Matrigel invasion assay to demonstrate migration of EMT-derived cells towards MDA-MB-231 breast cancer cells. (A) Three ×10⁴ of Twist or Snail or vector alone expressing HMECs or MSCs were incubated in the upper well of the invasion chamber in the presence or absence of PDGF-bb ligand (10ng/ml) (B) or MDA-MB-231 cells (C) in the bottom well.
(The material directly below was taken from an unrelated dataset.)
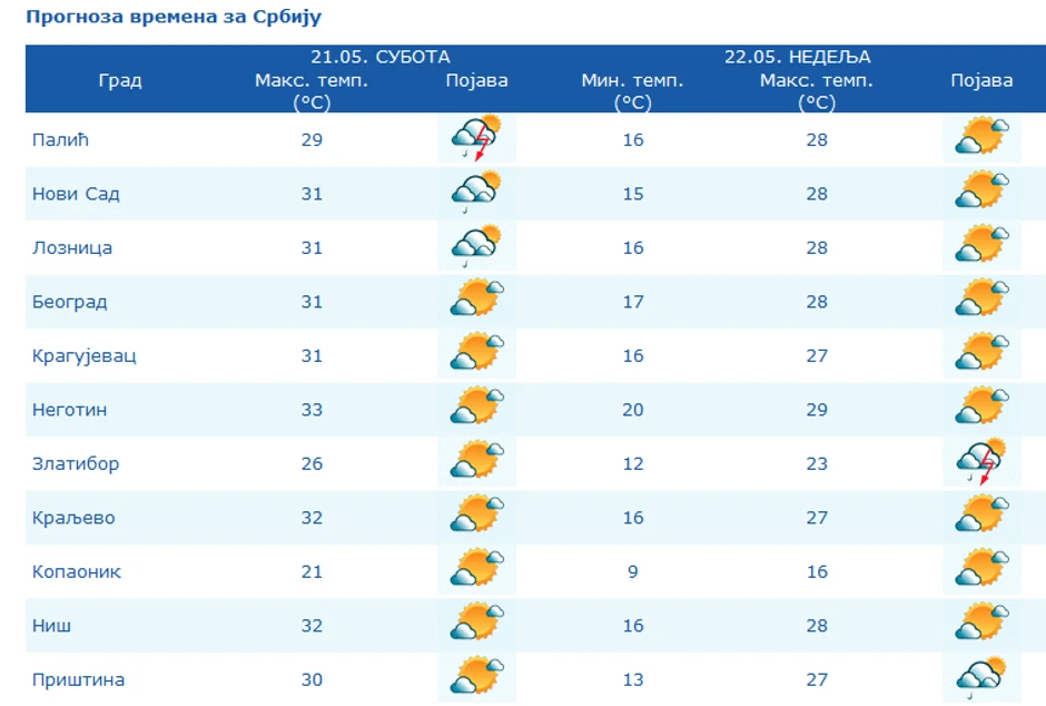 Vikend koji je pred nama donosi nam letnje temperature, ali i prolaznu nestabilnost. Prvi dan vikenda biće najtopliji dan ove nedelje. Temperatura je pred zoru bila malo iznad 10 stepeni, a već oko 8 ujutru u većem delu zemlje prelazila je 20. podeljak.

After 36 hr of incubation, cells that had migrated to the bottom side of the 8 µm membrane were stained and counted as described in methods.

Figure 5

In vivo wound homing by EMT-derived HMECs and MSCs. (A) Bioluminescent imaging of nude mice harboring wounds and injected with 3 × 10⁵ adenoviral firefly luciferase labeled EMT-derived HMECs or MSCs via the tail vein. These experiments were performed in triplicate and repeated three times. (B) Quantitative measurement of the relative fold change of bioluminescence. Wound regions were manually drawn and the signal intensity was expressed as photon flux or photons/s/cm² (p/s/cm²) compared to vector control HMECs.